Control Volume Integral Discretisation
The simplest discretisation of the control volume integrals is by
assuming that the functions $\rho, q, T$ are constant on the cells $K_i$, then:
\begin{equation}
\int_{K_i}\rho\partial_t T \approx |K_i| \rho(x_i) \partial_t T(x_i), \quad
\int_{K_i} q \approx |K_i| q(x_i), \quad |K_i| = f_{i+1}-f_i.
\end{equation}
As a "better" alternative you may replace $\rho(x_i)$ with
$\rho_{avg,i} = \int_{K_i}\rho / |K_i|$, and similarly for $q(x_i)$.
You may rightfully object that just before that we claimed that $T$ belongs
to a space of continuous piecewise linear functions.
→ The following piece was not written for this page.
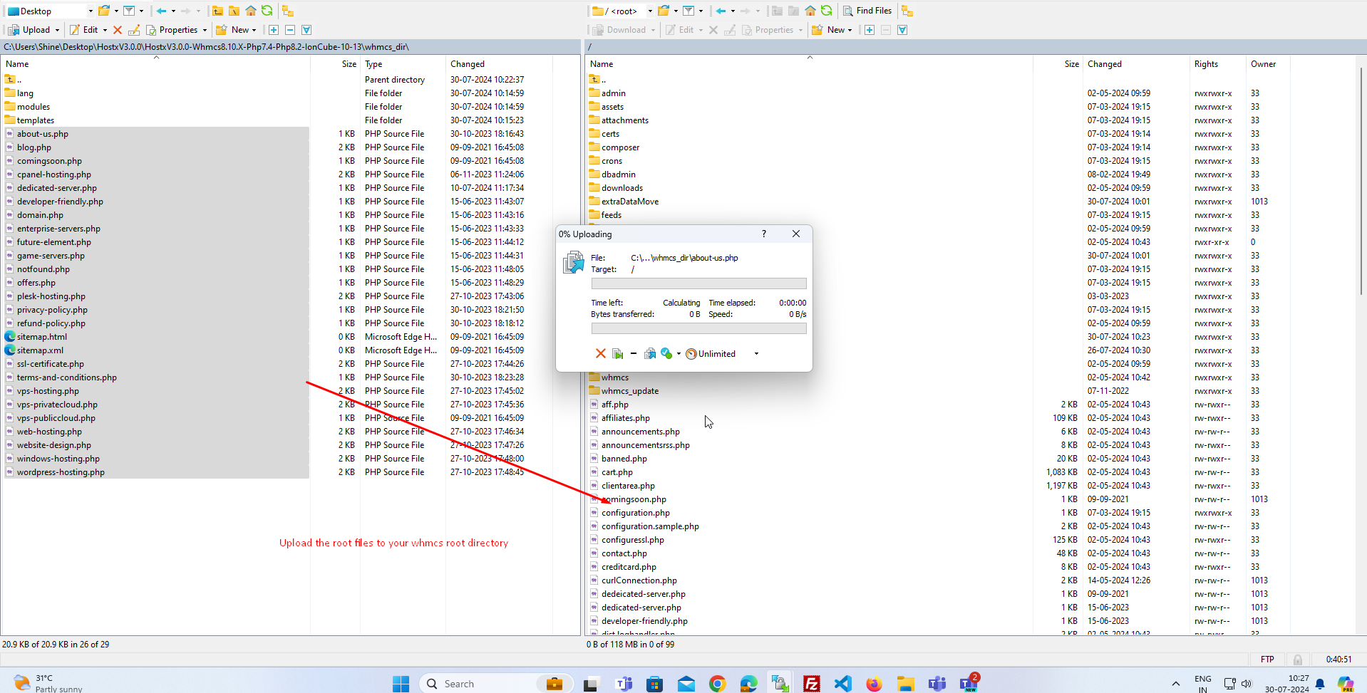 Step :- 10 Now upload the root files to whmcs root directery as given in the screenshot.
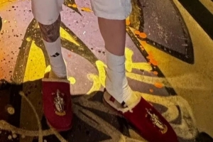 这位阿根廷边锋当晚身着连帽衫配短裤,却搭配了一双印有格兰芬多学院标志的绒毛拖鞋。眼尖的网友发现后瞬间炸锅:“加纳乔这操作太魔幻了”、“他居然穿着格兰芬多拖鞋逛街笑死”,“忘换拖鞋就出门可太真实了”,甚至有球迷直呼:“因为这双拖鞋更喜欢他了!”

In fact this mix
of approximations is even called the finite volume element method sometimes
for that reason (also box method).
In finite element literature they call the resulting matrix a lumped mass matrix,
it avoids having to solve an additional linear system since the mass matrix is
diagonal in that case.
Of course, if you wish you may discretise $\partial_t T$ as a linear function
on $K_i$ and integrate, then the result would also depend on the the two neighbours
neighbours.
Space-discrete Formulation
Substituting our discretisation in the weak formulation projected onto the space
of piecewise constant test functions yields:
\begin{align}
\int_{K_i}\rho \partial_tT &= \int_{\partial K_i}\kappa\, \partial_{\bm{n}} T + \int_{K_i} q, \\
\rho_{avg,i} |K_i|d_tT_i &= \kappa_{i+1/2}(T_{i+1}-T_i)\Delta_i - \kappa_{i-1/2}(T_i-T_{i-1})\Delta_{i-1} + |K_i| q_{avg,i}, \,\, 1\leq i \leq m.
\end{align}
Note that this produced $m$ equations for the volumes $K_1,\ldots,K_m$.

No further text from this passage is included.